Overall, it can be seen that if we focus on the exponent space of an encryption scheme, we need to deal with polynomials of a special form only. If \(P(x, y) = 1\), then it should be possible to combine the ciphertext and key polynomials so that \(\alpha s_0\) can be recovered, and then used to unblind the message. The pair encoding framework just abstracts out such similarities between predicate encryption schemes in a formal way.

Security Properties and Transformation. Many security properties have been proposed in the literature for pair encodings, and a more restricted structure called predicate encodings [1, 2, 15, 40]. The main contribution of these papers is to give a generic transformation from any pair encoding that satisfies their respective property into a fully secure predicate encryption scheme in composite or prime order groups (or a higher level abstraction called dual-system groups [16]). Proving that a pair encoding scheme satisfies a certain property is significantly easier, especially if the property is information-theoretic, than directly proving security of an encryption scheme. This is not surprising because there are no bi-linear maps, hardness assumptions, or sophisticated dual-encryption techniques involved in this process. Furthermore, verifying security of any number of encryption schemes designed through the pair encoding framework reduces to checking that the respective pair encodings are secure—a much easier task—and that the generic transformation is correct—a one-time effort. Needless to say, this saves a huge amount of work.

A Concrete Example: Unbounded Attribute Re-use. Suppose we want to design an ABE scheme that puts no restriction on the number of times an attribute can be used in an access policy. We know that a linear secret sharing scheme is the standard way to present a policy. It consists of a matrix \(\mathbf {A} \) of size \(m \times k\) and a mapping \(\pi \) from its rows to the universe of attributes. A value \(\gamma \) can be secret-shared through \(\mathbf {A} \) by creating m shares, one for each row. If a user has a set of attributes S, then she gets shares for all the rows that map to some attribute in S through \(\pi \). If S satisfies \((\mathbf {A}, \pi )\), then those shares can be combined to recover \(\gamma \); otherwise, \(\gamma \) is information-theoretically hidden. In nearly all fully secure ABE schemes, the mapping \(\pi \) is assumed to be injective or one-to-one (this is called the one-use restriction), but we want to build an ABE scheme that supports any \(\pi \) whatsoever. In particular, the size of public parameters should not affect how many times an attribute can be used in a policy. (Any such scheme will likely rely on a q-type assumption [30].Footnote 6)
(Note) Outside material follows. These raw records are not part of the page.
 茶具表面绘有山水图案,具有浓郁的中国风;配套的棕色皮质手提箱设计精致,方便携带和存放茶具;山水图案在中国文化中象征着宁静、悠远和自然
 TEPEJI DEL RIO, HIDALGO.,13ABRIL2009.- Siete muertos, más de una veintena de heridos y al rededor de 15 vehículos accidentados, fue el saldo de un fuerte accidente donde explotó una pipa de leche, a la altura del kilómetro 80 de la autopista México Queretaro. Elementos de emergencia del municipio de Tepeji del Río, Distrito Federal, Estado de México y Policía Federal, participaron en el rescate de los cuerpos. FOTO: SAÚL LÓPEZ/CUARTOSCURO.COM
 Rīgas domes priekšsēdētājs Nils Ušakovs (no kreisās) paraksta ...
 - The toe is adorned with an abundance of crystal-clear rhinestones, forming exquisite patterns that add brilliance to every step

For a row i of \(\mathbf {A} \), suppose \(\rho (i)\) denotes which occurrence of \(\pi (i)\) this is. (If an attribute y is attached to the second and fifth rows, then \(\rho (2) = 1\) and \(\rho (5) = 2\).) We now present a new pair encoding \(\varPi _{\mathsf {re}\text {-}\mathsf {use}}\) for unbounded re-use by adapting the one-use scheme of [2]. (Some minor elements of the encoding have been suppressed for simplicity; see the full version for a full description.)

$$\begin{aligned} \mathsf {EncCt} ((\mathbf {A}, \pi ))&\rightarrow s_0, s_1, \ldots , s_d, \quad \{\mathbf {a} _i {(s_0 b', \hat{s}_2, \ldots , \hat{s}_k)}^{\mathsf {T}} + s_{\rho (i)} b_{\pi (i)}\}_{i = 1, \ldots , m} \\ \mathsf {EncKey} (S)&\rightarrow r, \quad \alpha + r b', \quad \{r b_y\}_{y \in S} \end{aligned}$$

Here \(\mathbf {a} _i\) is the ith row of \(\mathbf {A} \) and d is the maximum number of times any attribute appears in it. A nice feature of \(\varPi _{\mathsf {re}\text {-}\mathsf {use}}\) is that if no attribute is used more than once (i.e. \(d=1\)), then the scheme collapses to that of [2], and one can show that \(\alpha \) is information-theoretically hidden, or that \(\varPi _{\mathsf {re}\text {-}\mathsf {use}}\) is perfectly secure.
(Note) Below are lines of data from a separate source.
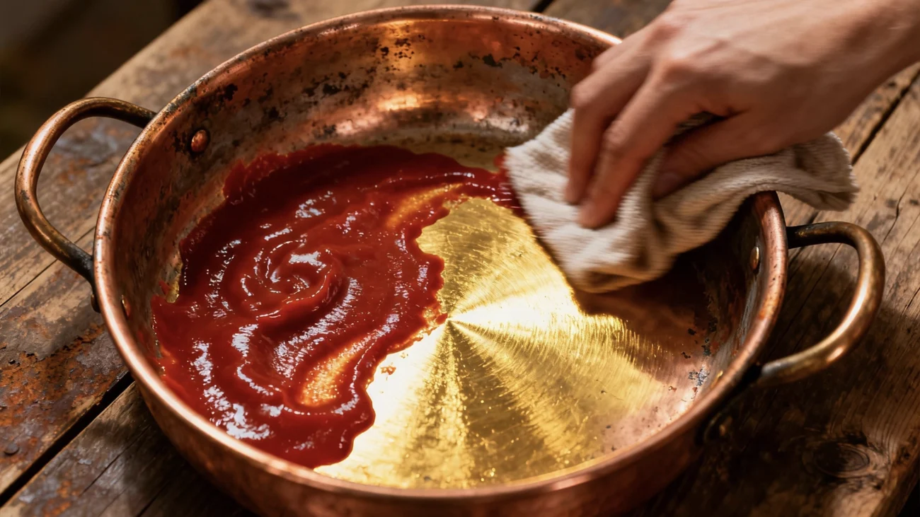 - Nasıl Yapılır? Bakır ürününüzün üzerine ince bir tabaka ketçap sürün.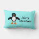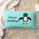 This awesome pillow features a cute penguin character with a white tummy, big blue eyes with black pupils and cute orange feet and beak. This charming little winter bird is sure to delight children and adults. The penguin sits on an icy pale blue background to remind him of his chilly Artic home. There is customisable text that reads “Merry Christmas” allowing you to personalise this design.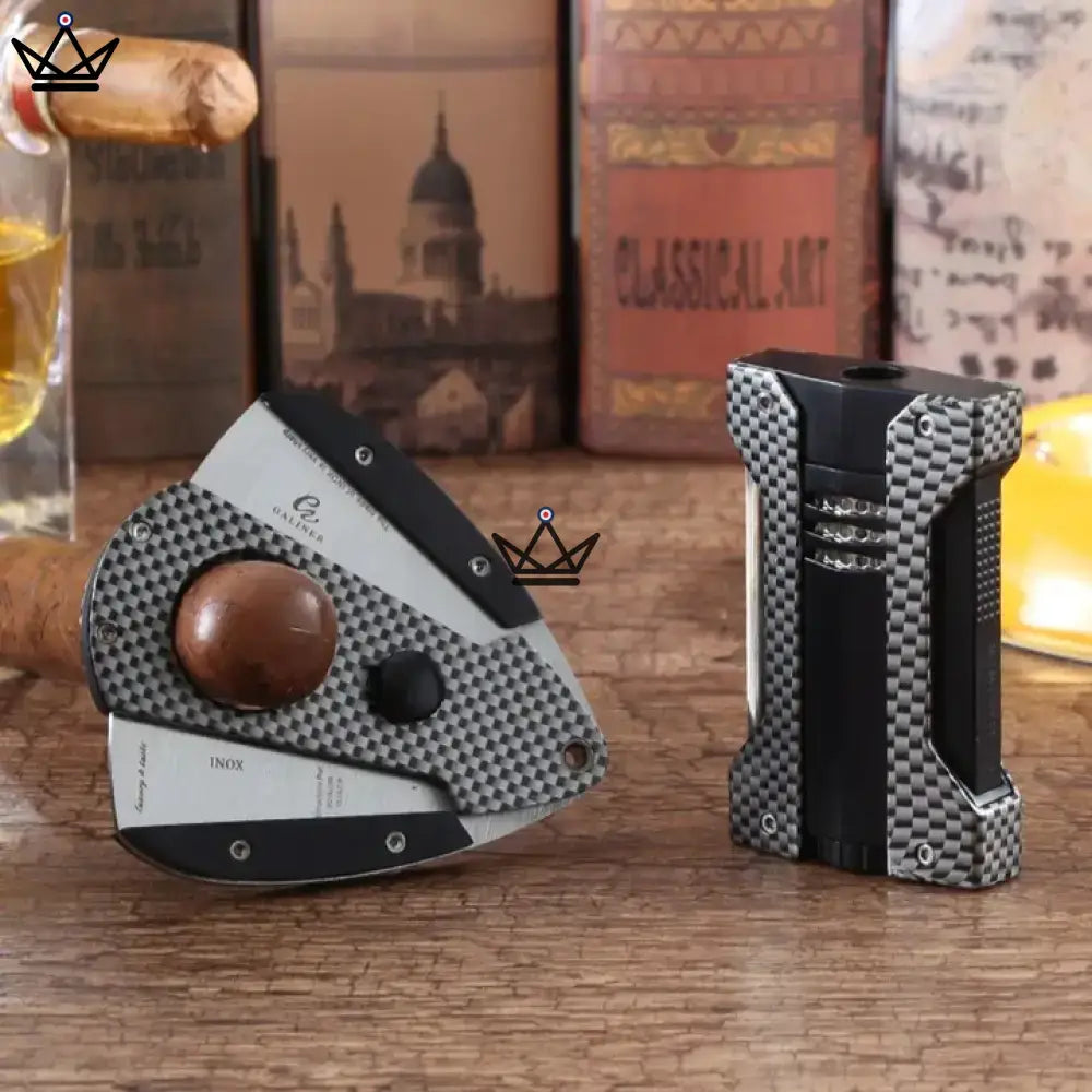 4. Carbon Nyfe-Version : Die Carbon Nyfe-Version repräsentiert den Höhepunkt moderner Eleganz. Zusätzlich zum CARBON-Humidor ist er mit einem Feuerzeug und einem Zigarrenschneider aus hochwertiger Kohlefaser aus unserer Nyfe-Kollektion ausgestattet. Dies ist das ideale Set, um Cohiba-Zigarren mit einem Hauch von modernem Luxus zu genießen.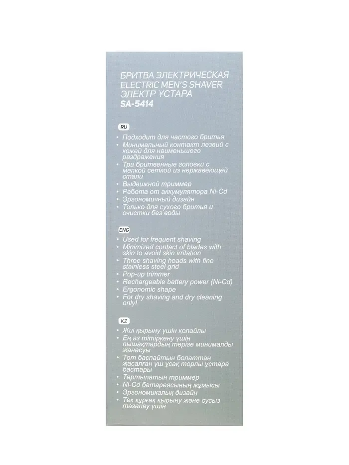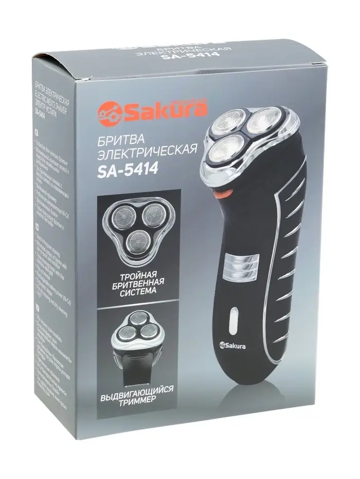 Электробритва Sakura SA-5414BK, АКБ, сеточная, 3 плавающие головки, триммер, чёрная

If attributes are used multiple times, so that the ciphertext encoding has several variables \(s_1, \ldots , s_d\), then \(\alpha \) might be revealed to an unbounded adversary. Thus we need to find out if \(\varPi _{\mathsf {re}\text {-}\mathsf {use}} \) satisfies a different type of property for which a generic transformation is known. One possibility is the computational double selective master-key hiding property due to Attrapadung, but then the advantages of an abstraction like pair encoding are more or less lost: we will have to work at the level of bi-linear maps instead of simple polynomials, and find a suitable q-type assumption(s) under which the property can be shown to hold.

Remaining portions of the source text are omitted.